- RECORDS SUPPLIED -

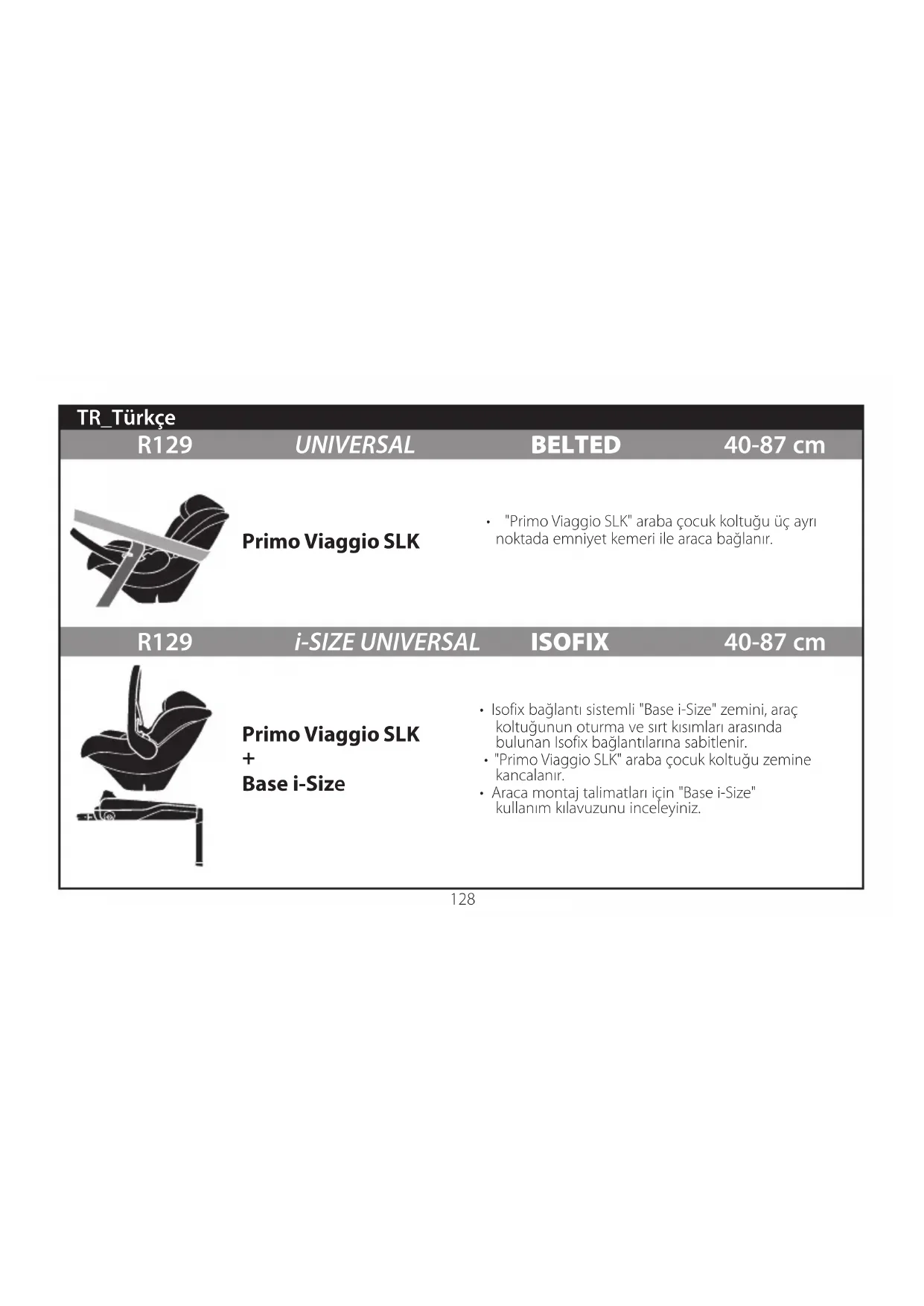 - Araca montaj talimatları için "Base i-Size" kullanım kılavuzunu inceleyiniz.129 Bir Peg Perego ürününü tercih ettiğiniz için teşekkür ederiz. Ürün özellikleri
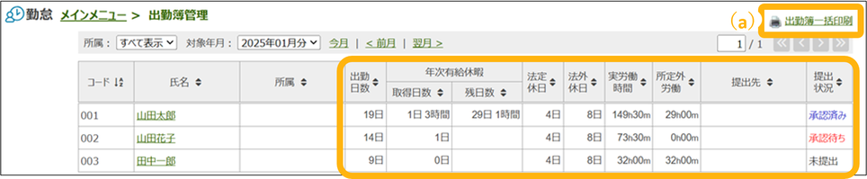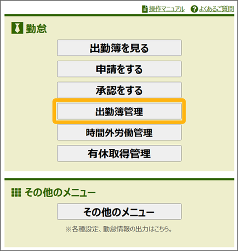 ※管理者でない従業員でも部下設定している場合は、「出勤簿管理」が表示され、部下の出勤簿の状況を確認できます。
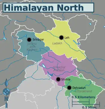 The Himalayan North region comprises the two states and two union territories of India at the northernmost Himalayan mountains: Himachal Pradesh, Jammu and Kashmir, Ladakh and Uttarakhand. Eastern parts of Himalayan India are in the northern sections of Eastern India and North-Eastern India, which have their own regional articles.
...
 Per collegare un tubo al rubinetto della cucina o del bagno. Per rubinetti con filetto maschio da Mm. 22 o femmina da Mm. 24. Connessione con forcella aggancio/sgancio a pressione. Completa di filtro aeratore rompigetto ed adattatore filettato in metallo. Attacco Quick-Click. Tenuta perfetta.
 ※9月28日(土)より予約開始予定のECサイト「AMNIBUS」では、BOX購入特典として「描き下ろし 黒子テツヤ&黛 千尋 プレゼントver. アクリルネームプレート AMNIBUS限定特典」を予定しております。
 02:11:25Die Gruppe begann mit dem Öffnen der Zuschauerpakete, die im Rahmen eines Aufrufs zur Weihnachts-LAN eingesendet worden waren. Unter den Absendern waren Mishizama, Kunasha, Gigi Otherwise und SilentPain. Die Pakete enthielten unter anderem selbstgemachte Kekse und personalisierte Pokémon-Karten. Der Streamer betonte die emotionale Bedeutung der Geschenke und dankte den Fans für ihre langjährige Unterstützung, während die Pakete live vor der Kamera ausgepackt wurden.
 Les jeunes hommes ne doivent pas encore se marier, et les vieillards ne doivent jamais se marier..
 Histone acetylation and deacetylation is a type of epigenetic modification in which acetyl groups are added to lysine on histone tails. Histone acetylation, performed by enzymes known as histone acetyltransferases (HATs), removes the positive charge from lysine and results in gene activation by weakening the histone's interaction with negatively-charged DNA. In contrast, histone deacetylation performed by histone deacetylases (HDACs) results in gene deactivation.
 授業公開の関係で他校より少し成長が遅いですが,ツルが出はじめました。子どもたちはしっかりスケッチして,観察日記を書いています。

- WORK ORDER -
Transcribe, exactly and without additions, the lines of the records above, beginning with the line that contains "Histone acetylation and" and ending with the line that contains "授業公開の関係で他校より少し", both included.

- RESPONSE AREA -
 Histone acetylation and deacetylation is a type of epigenetic modification in which acetyl groups are added to lysine on histone tails. Histone acetylation, performed by enzymes known as histone acetyltransferases (HATs), removes the positive charge from lysine and results in gene activation by weakening the histone's interaction with negatively-charged DNA. In contrast, histone deacetylation performed by histone deacetylases (HDACs) results in gene deactivation.
 授業公開の関係で他校より少し成長が遅いですが,ツルが出はじめました。子どもたちはしっかりスケッチして,観察日記を書いています。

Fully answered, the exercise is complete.